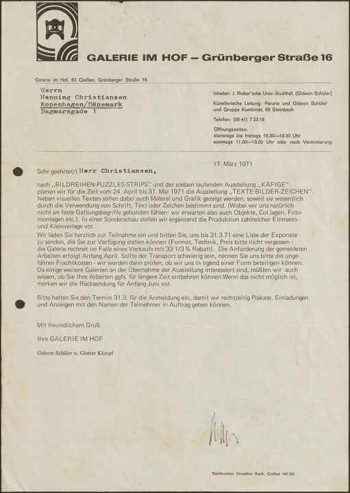 nach ”BILDREIHEN-PUZZLES-STRIPS” und der soeben laufenden Ausstellung “KÄFIGE” planen wir für die Zeit vom 24. April bis 31. Mai 1971 die Ausstellung “TEXTE-BILDER-ZEICHEN”. Neben visuellen Texten sollen dabei auch Malerei und Grafik gezeigt werden, soweit sie wesentlich durch die Verwendung von Schrift, Text oder Zeichen bestimmt sind. (Wobei wir uns natürlich nicht an feste Gattungsbegriffe gebunden fühlen: wir erwarten also auch Objekte, Collagen, Fotomontagen etc.). In einer Sonderschau stellen wir ergänzend die Produktion zahlreicher Einmannund Kleinverlage vor.
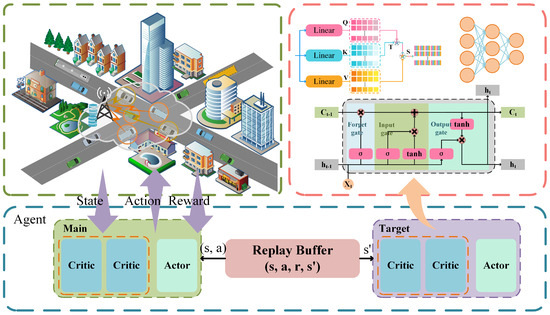 Ning et al. [28] proposed a three-layer offloading framework to reduce energy consumption while meeting the latency requirements for in-vehicle entertainment service applications by leveraging the computing resources of moving and parked vehicles. Faced with the complex resource allocation problem, the issue was decomposed into traffic redirection and task-offloading decisions, which were addressed using the Edmonds–Karp algorithm and a DDQN-based algorithm. Sun et al. [29] studied task migration in vehicular clouds to minimize total system response time and developed DQN-based algorithms. Qi et al. [30] focused on the issue of resource scheduling and offloading under multiple constraints, training across multiple edge nodes using the A3C algorithm to maximize long-term system rewards. Lee et al. [31] addressed service delay issues by utilizing the computing resources of parked vehicles, extracting time and location resource patterns through RNN-based methods, and allocating resources through the PPO algorithm. Recent improvements to traditional single-DRL networks have further enhanced algorithm performance and efficiency. Ref. [32] proposed a task-offloading method based on meta-reinforcement learning, which can quickly adapt to the environment under small samples, reducing system network traffic and service delay. Ref. [33] integrated LSTM with the traditional deep Q-network (DQN) to substantially reduce task loss rates and average latency. In addition, with the development of neural networks (NNs), various network architectures integrated with deep reinforcement learning (DRL) have achieved significant advancements [34,35,36,37].
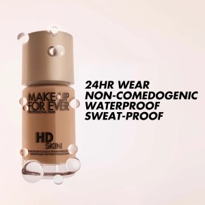 The MAKE UP FOR EVER HD Skin Undetectable Longwear Foundation is comfortable and easy to apply. It flexes with the skin, preventing caking and settling into lines. It is non-comedogenic, waterproof, and sweatproof. The bottle is recyclable and made from 40 percent recycled glass, with a FSC carton and bio-sourced cap.

### What to do
Copy out the material above in full and exactly; its pictures are not to appear.

### Task result
 nach ”BILDREIHEN-PUZZLES-STRIPS” und der soeben laufenden Ausstellung “KÄFIGE” planen wir für die Zeit vom 24. April bis 31. Mai 1971 die Ausstellung “TEXTE-BILDER-ZEICHEN”. Neben visuellen Texten sollen dabei auch Malerei und Grafik gezeigt werden, soweit sie wesentlich durch die Verwendung von Schrift, Text oder Zeichen bestimmt sind. (Wobei wir uns natürlich nicht an feste Gattungsbegriffe gebunden fühlen: wir erwarten also auch Objekte, Collagen, Fotomontagen etc.). In einer Sonderschau stellen wir ergänzend die Produktion zahlreicher Einmannund Kleinverlage vor.
 Ning et al. [28] proposed a three-layer offloading framework to reduce energy consumption while meeting the latency requirements for in-vehicle entertainment service applications by leveraging the computing resources of moving and parked vehicles. Faced with the complex resource allocation problem, the issue was decomposed into traffic redirection and task-offloading decisions, which were addressed using the Edmonds–Karp algorithm and a DDQN-based algorithm. Sun et al. [29] studied task migration in vehicular clouds to minimize total system response time and developed DQN-based algorithms. Qi et al. [30] focused on the issue of resource scheduling and offloading under multiple constraints, training across multiple edge nodes using the A3C algorithm to maximize long-term system rewards. Lee et al. [31] addressed service delay issues by utilizing the computing resources of parked vehicles, extracting time and location resource patterns through RNN-based methods, and allocating resources through the PPO algorithm. Recent improvements to traditional single-DRL networks have further enhanced algorithm performance and efficiency. Ref. [32] proposed a task-offloading method based on meta-reinforcement learning, which can quickly adapt to the environment under small samples, reducing system network traffic and service delay. Ref. [33] integrated LSTM with the traditional deep Q-network (DQN) to substantially reduce task loss rates and average latency. In addition, with the development of neural networks (NNs), various network architectures integrated with deep reinforcement learning (DRL) have achieved significant advancements [34,35,36,37].
 The MAKE UP FOR EVER HD Skin Undetectable Longwear Foundation is comfortable and easy to apply. It flexes with the skin, preventing caking and settling into lines. It is non-comedogenic, waterproof, and sweatproof. The bottle is recyclable and made from 40 percent recycled glass, with a FSC carton and bio-sourced cap.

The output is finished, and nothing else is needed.